### [ENTRIES SHOWN]
···

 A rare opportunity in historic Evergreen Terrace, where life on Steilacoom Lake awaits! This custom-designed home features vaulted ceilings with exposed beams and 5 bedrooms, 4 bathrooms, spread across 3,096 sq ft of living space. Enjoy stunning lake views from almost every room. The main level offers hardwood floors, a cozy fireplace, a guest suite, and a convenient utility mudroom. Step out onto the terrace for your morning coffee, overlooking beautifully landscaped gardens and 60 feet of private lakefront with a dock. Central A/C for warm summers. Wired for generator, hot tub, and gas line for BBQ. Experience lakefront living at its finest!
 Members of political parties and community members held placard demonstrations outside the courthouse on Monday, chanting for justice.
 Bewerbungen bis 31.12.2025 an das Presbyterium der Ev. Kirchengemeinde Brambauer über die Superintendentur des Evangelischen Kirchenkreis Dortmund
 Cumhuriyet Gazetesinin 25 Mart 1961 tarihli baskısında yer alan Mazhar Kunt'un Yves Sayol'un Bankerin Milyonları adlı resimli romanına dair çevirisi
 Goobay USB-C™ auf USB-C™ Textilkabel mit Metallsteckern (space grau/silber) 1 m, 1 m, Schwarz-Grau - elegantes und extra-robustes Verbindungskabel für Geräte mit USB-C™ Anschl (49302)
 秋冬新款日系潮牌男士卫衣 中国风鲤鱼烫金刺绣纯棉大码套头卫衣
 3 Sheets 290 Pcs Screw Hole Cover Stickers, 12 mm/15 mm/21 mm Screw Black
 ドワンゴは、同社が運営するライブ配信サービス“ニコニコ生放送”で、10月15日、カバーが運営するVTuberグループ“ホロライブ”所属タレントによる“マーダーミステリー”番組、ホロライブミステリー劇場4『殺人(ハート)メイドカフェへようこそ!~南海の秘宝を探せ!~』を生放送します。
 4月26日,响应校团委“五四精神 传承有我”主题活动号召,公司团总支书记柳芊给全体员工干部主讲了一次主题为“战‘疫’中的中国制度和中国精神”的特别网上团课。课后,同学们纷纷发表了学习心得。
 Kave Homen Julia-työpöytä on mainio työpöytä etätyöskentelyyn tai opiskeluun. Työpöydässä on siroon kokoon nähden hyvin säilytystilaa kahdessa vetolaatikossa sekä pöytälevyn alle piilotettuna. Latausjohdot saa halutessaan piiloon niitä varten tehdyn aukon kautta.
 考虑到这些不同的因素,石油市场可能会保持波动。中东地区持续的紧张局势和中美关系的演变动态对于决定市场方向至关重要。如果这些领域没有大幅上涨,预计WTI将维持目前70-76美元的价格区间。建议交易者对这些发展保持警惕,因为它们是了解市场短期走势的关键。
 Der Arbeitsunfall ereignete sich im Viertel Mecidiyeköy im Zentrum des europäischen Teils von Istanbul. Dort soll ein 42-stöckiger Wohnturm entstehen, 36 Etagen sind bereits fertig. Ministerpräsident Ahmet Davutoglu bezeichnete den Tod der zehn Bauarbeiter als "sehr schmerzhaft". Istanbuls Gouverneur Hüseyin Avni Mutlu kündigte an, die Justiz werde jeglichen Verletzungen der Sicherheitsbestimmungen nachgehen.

···

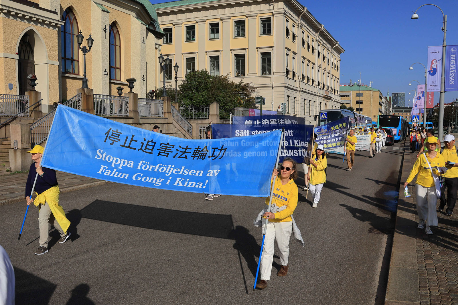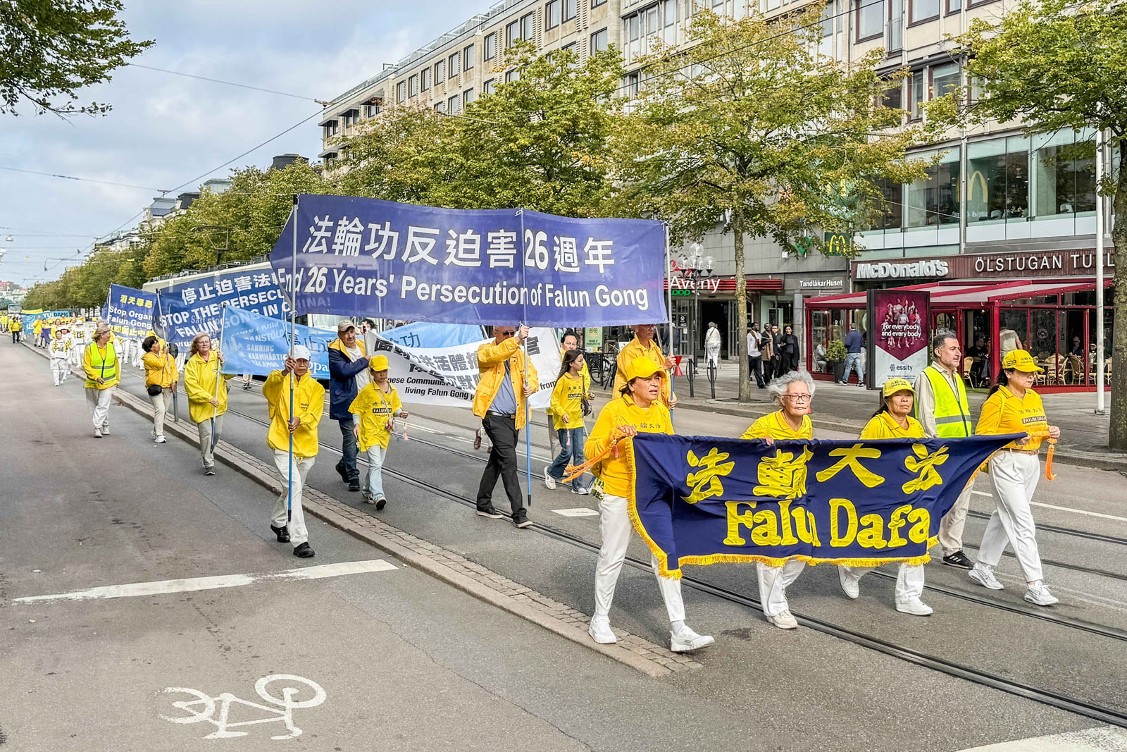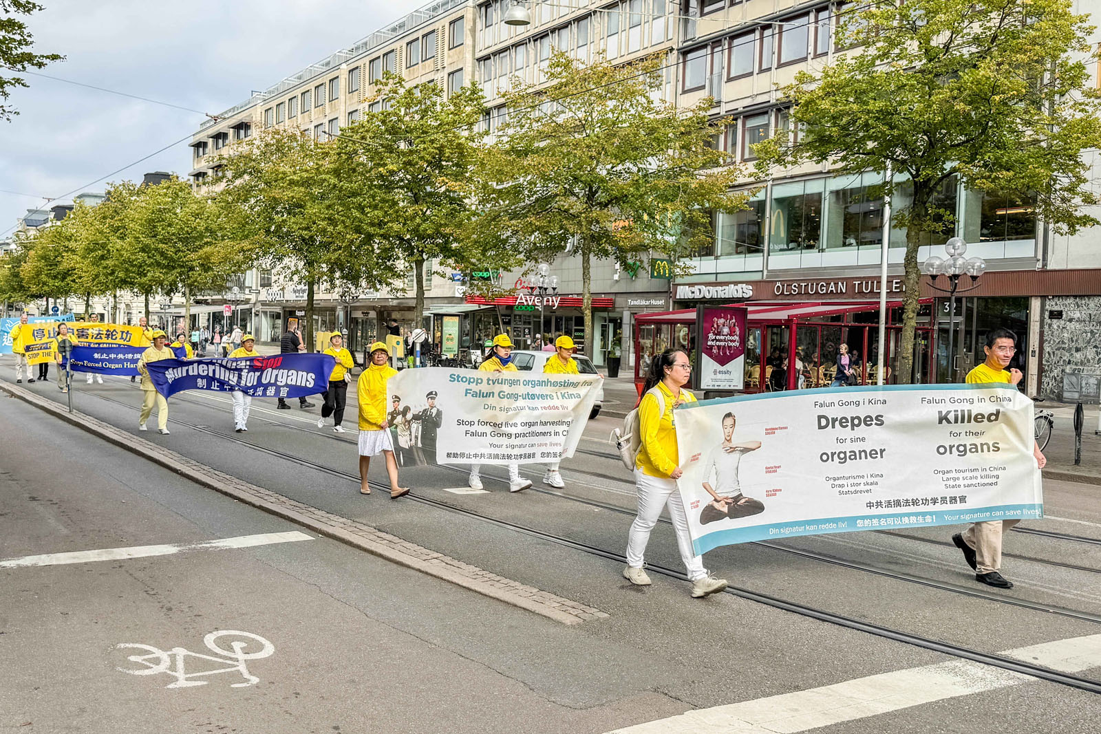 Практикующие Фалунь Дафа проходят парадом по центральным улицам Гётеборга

···

### [PROBLEM TO SOLVE]
In the listing above, find the line containing "Bewerbungen bis 31.12.2025" and the line containing "Cumhuriyet Gazetesinin 25", then quote both, plus every line between them, exactly as written.

### [RESPONSE BOX]
 Bewerbungen bis 31.12.2025 an das Presbyterium der Ev. Kirchengemeinde Brambauer über die Superintendentur des Evangelischen Kirchenkreis Dortmund
 Cumhuriyet Gazetesinin 25 Mart 1961 tarihli baskısında yer alan Mazhar Kunt'un Yves Sayol'un Bankerin Milyonları adlı resimli romanına dair çevirisi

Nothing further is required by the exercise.